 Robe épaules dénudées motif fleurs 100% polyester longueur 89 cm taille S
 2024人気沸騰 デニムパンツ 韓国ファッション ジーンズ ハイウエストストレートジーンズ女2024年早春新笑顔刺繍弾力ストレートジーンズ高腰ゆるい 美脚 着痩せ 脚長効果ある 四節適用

* * *

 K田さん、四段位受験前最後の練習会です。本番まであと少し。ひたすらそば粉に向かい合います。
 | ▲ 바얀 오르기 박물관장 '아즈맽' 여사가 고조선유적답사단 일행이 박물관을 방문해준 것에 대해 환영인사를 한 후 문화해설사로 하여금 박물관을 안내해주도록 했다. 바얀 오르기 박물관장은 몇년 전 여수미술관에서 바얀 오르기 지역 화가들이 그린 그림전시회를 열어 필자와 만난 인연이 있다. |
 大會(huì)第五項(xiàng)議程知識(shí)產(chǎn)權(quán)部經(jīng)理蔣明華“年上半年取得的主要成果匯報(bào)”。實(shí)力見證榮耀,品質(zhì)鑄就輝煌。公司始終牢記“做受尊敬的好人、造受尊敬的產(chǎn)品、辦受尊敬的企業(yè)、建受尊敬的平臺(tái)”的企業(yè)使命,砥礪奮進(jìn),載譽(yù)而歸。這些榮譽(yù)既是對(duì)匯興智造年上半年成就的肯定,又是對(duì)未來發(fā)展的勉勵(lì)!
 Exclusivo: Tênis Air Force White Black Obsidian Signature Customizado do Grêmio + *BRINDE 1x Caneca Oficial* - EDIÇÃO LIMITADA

__Your instructions__: In the listing above, locate the line containing "大會(huì)第五項(xià" and the line containing "Exclusivo: Tênis Air", then transcribe both and every line between them verbatim.

__Answer area__:
 大會(huì)第五項(xiàng)議程知識(shí)產(chǎn)權(quán)部經(jīng)理蔣明華“年上半年取得的主要成果匯報(bào)”。實(shí)力見證榮耀,品質(zhì)鑄就輝煌。公司始終牢記“做受尊敬的好人、造受尊敬的產(chǎn)品、辦受尊敬的企業(yè)、建受尊敬的平臺(tái)”的企業(yè)使命,砥礪奮進(jìn),載譽(yù)而歸。這些榮譽(yù)既是對(duì)匯興智造年上半年成就的肯定,又是對(duì)未來發(fā)展的勉勵(lì)!
 Exclusivo: Tênis Air Force White Black Obsidian Signature Customizado do Grêmio + *BRINDE 1x Caneca Oficial* - EDIÇÃO LIMITADA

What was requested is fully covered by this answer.